Onstad entered the professional game in 1987, joining the Vancouver 86ers of the Canadian Soccer League. He moved to the Winnipeg Fury from 1988 to 1989, then to the Toronto Blizzard for 1990 and 1991. Returning to Winnipeg in 1992, he had his best Canadian Soccer League season, winning both the CSL Championship and the CSL Goalkeeper of the Year Award. The Canadian soccer landscape of that era was an intricate patchwork of leagues and clubs, and Onstad navigated it with consistency, adding a year with the Toronto Rockets of the APSL in 1994 and a season with the Montreal Impact in 1995 before a stint with the Edmonton Drillers of the indoor NPSL in 1996 and then the Toronto Lynx of the A-League in 1997.

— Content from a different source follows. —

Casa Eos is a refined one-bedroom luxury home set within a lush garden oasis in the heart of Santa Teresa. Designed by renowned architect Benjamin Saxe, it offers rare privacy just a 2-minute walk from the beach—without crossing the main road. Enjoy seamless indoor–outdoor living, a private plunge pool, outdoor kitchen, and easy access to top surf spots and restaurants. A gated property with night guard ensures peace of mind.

His arrival at the Rochester Raging Rhinos in 1998 marked a significant step forward. That year he allowed only thirteen goals in twenty-six regular season games, an average of extraordinary stinginess, and was named the A-League Goalkeeper of the Year. He helped Rochester win the A-League title in 1998, and the following year, in 1999, the Rhinos made history by becoming the only lower-league club to win the U.S. Open Cup since Major League Soccer's founding, a landmark achievement for American soccer outside the top division. Onstad was named to the All-League second team that year.

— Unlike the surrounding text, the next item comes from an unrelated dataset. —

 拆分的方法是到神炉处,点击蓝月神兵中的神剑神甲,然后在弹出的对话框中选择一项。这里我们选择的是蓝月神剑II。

In 1999, the Scottish club Dundee United signed Onstad for the 1999-2000 and 2000-2001 seasons, a move that represented a rare transatlantic journey for a North American goalkeeper of his generation. The experience proved frustrating rather than fulfilling: as third-string goalkeeper behind Alan Combe and Paul Gallacher, Onstad did not play a single minute with Dundee United's first team. He returned to Rochester in 2001, though a wrist injury kept him largely sidelined that year, before rebounding with strong form the following season.

The defining chapter of his playing career began on March 13, 2003, when the San Jose Earthquakes signed him as a discovery player to replace Joe Cannon. The Earthquakes, coached by Frank Yallop, were one of the strongest clubs in MLS, and Onstad proved an ideal fit. He helped lead San Jose to the 2003 MLS Cup, their second championship in three years, and won the MLS Goalkeeper of the Year Award. In 2005, he supported the Earthquakes to an undefeated home record, the first time any MLS team had achieved that, and the club won the MLS Supporters' Shield that year. He won a second MLS Goalkeeper of the Year Award and was named to the MLS Best XI in both 2003 and 2005.

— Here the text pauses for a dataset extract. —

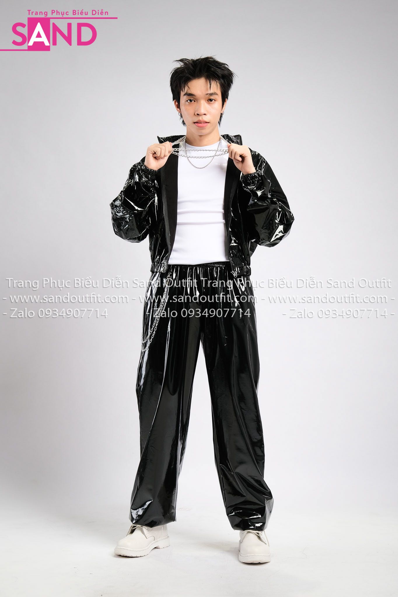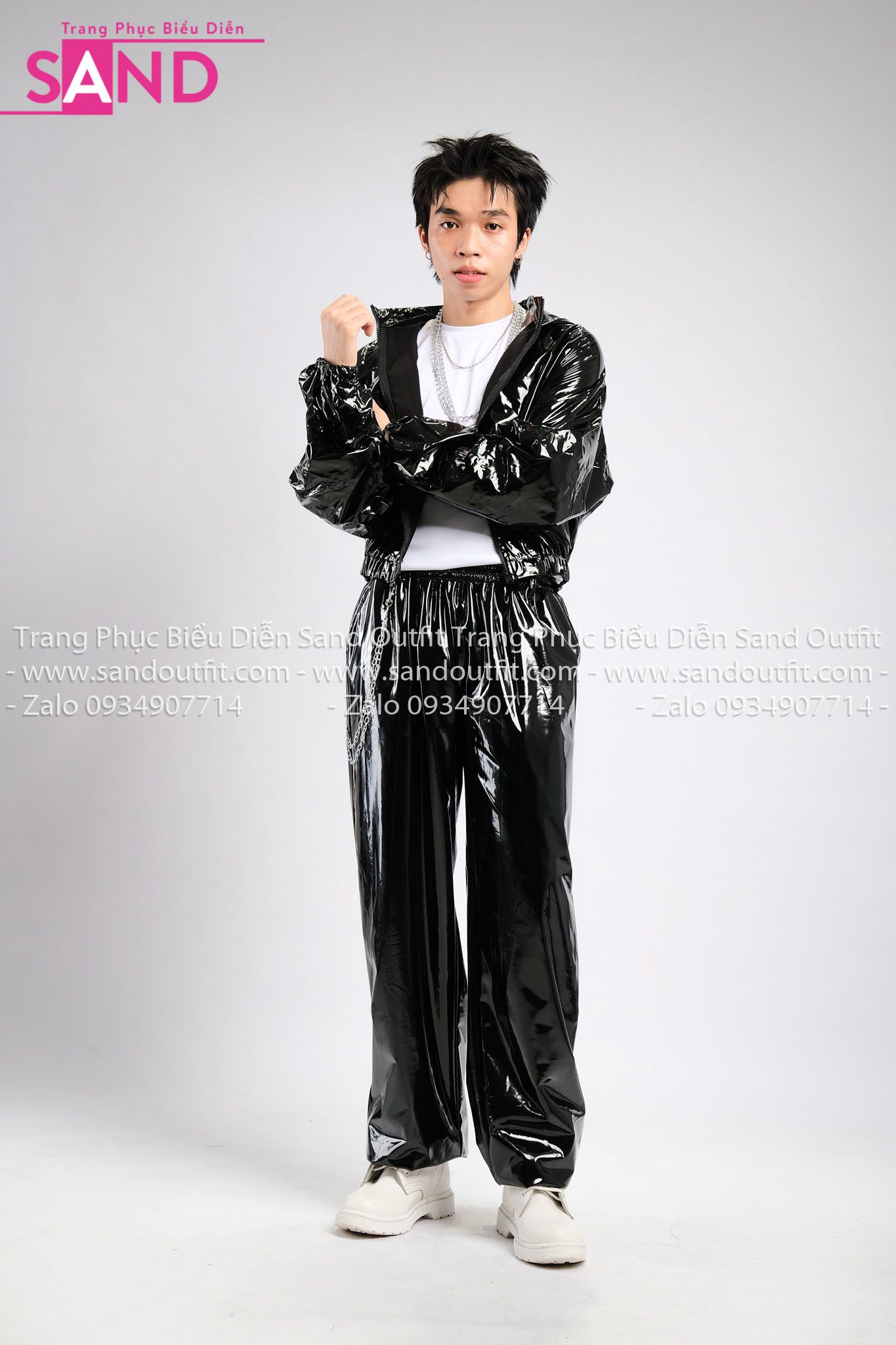 Outfit Phối Sẵn - (Quần Jogger Da Bóng Form Rộng phối Khoác Da Bóng Hoodie Đen)

When the San Jose franchise relocated to Houston for the 2006 season, Onstad moved with his teammates and became a founding member of the Houston Dynamo, playing every minute of the regular season in that inaugural year and contributing to what would become another championship club. He retired on December 21, 2010, after Houston declined his contract option and he went unselected in the MLS Re-Entry Draft. His international record for Canada was equally distinguished: he made his senior debut on February 18, 1988, against Bermuda, and went on to play sixty games over a twenty-two-year international career. His final appearance came in a friendly against Argentina on May 24, 2010, when at forty-two years and one hundred and thirty-one days old he became the oldest player ever to represent Canada, surpassing the record set by David Norman in 1994. After retirement, Onstad transitioned to management, eventually serving as General Manager of the Houston Dynamo and being inducted into the Canadian Soccer Hall of Fame in November 2015.